| REQUIRED ACTION |
In the data below, reproduce everything exactly except the images.

| RECORDED DATA |
╔══

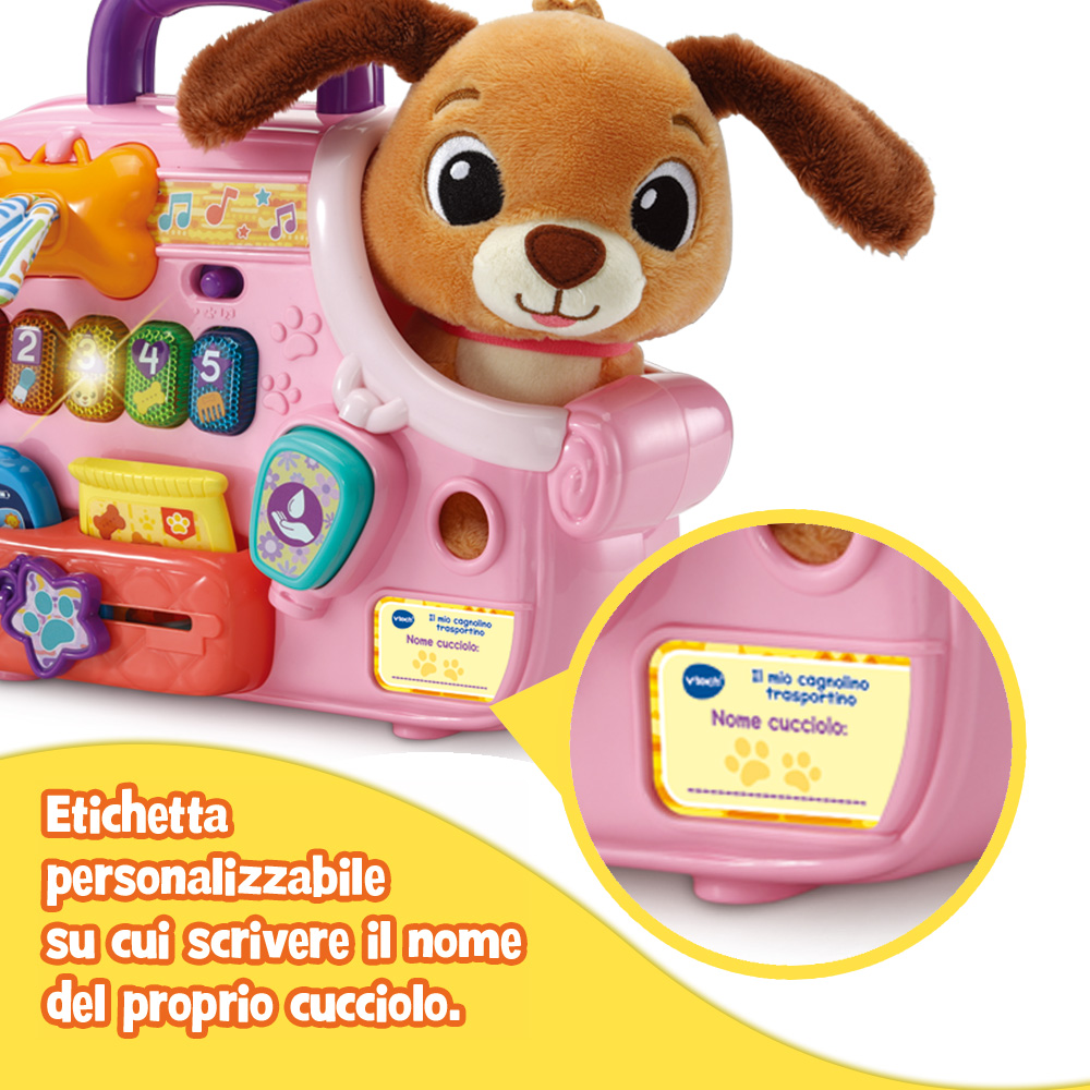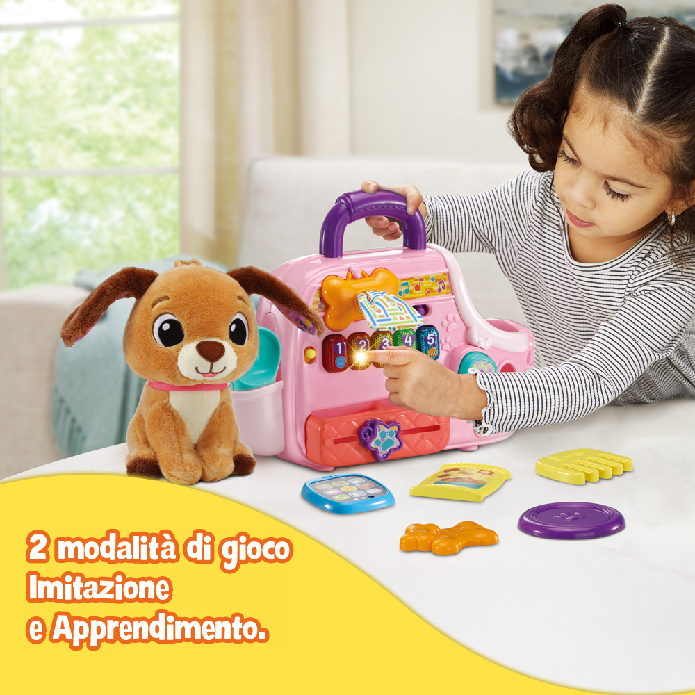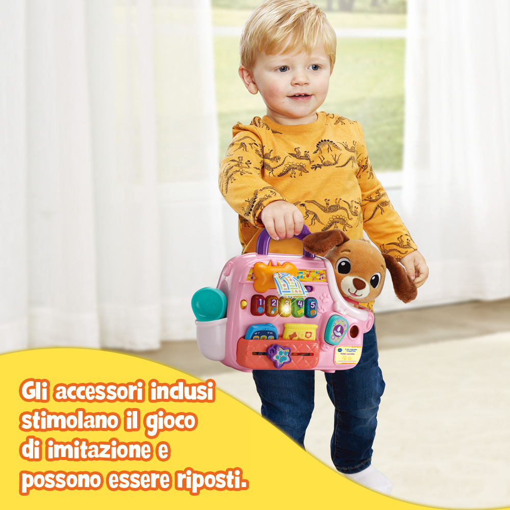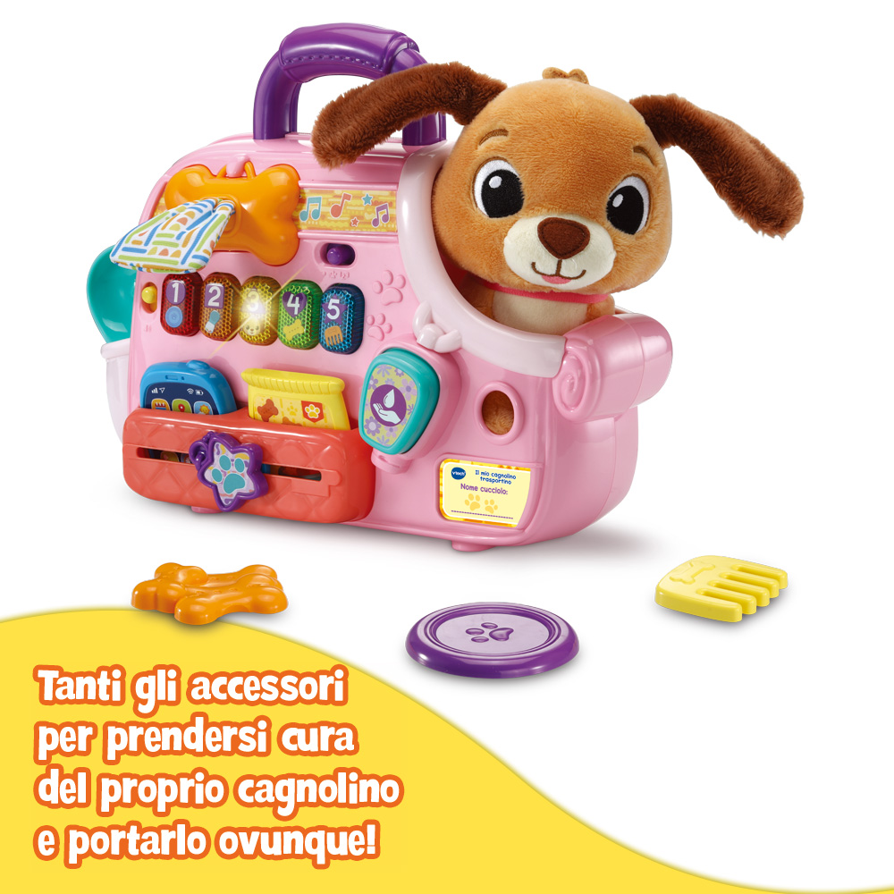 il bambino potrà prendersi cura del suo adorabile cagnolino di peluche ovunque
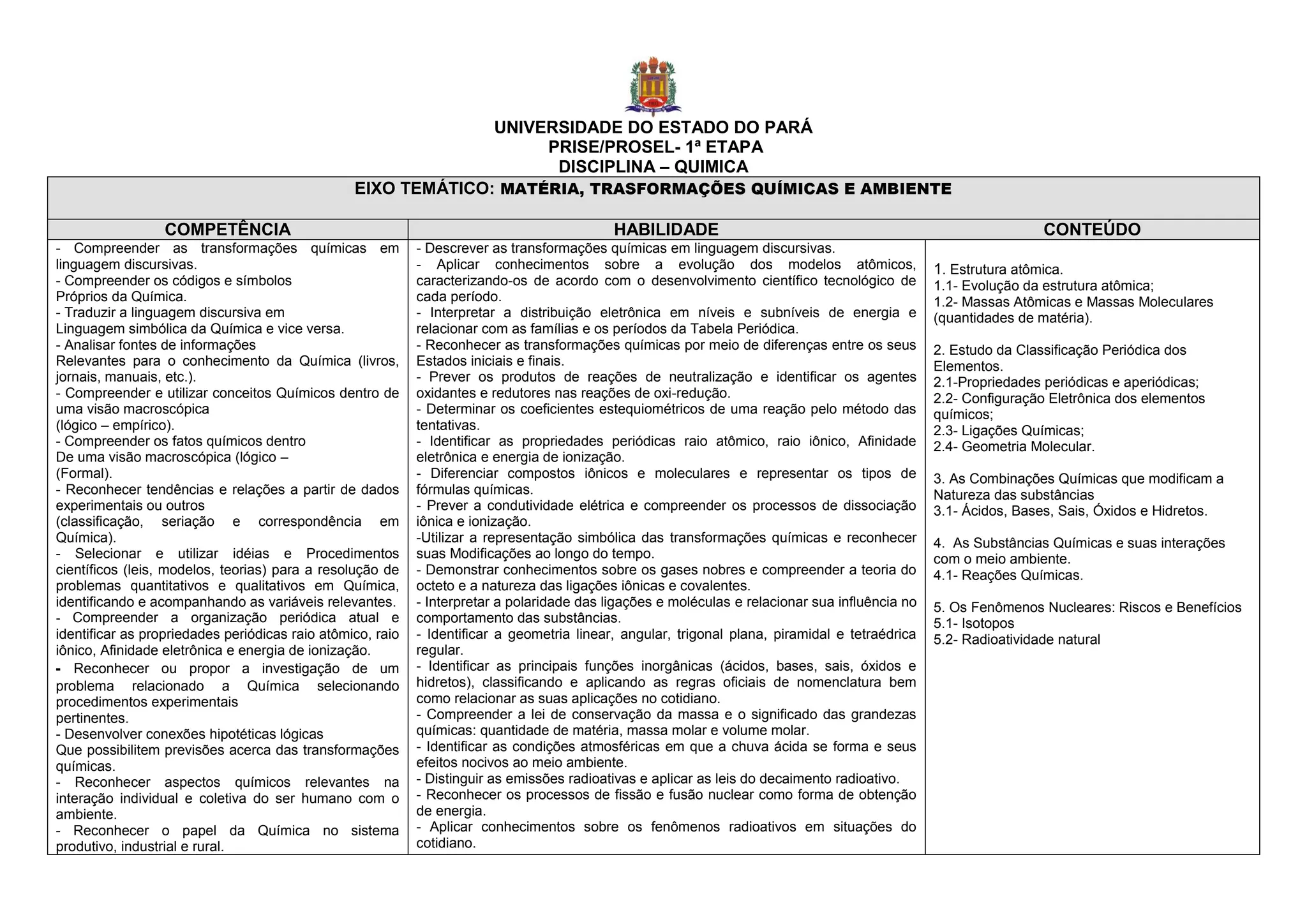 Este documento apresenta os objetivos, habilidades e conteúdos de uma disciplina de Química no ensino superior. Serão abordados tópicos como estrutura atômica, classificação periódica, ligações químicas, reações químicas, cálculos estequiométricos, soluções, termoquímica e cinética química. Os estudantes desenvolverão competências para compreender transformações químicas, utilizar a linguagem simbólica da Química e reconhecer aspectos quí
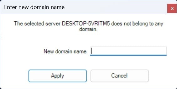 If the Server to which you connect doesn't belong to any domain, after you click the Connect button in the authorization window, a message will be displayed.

╚══

| EXERCISE RESULT |
 il bambino potrà prendersi cura del suo adorabile cagnolino di peluche ovunque
 Este documento apresenta os objetivos, habilidades e conteúdos de uma disciplina de Química no ensino superior. Serão abordados tópicos como estrutura atômica, classificação periódica, ligações químicas, reações químicas, cálculos estequiométricos, soluções, termoquímica e cinética química. Os estudantes desenvolverão competências para compreender transformações químicas, utilizar a linguagem simbólica da Química e reconhecer aspectos quí
 If the Server to which you connect doesn't belong to any domain, after you click the Connect button in the authorization window, a message will be displayed.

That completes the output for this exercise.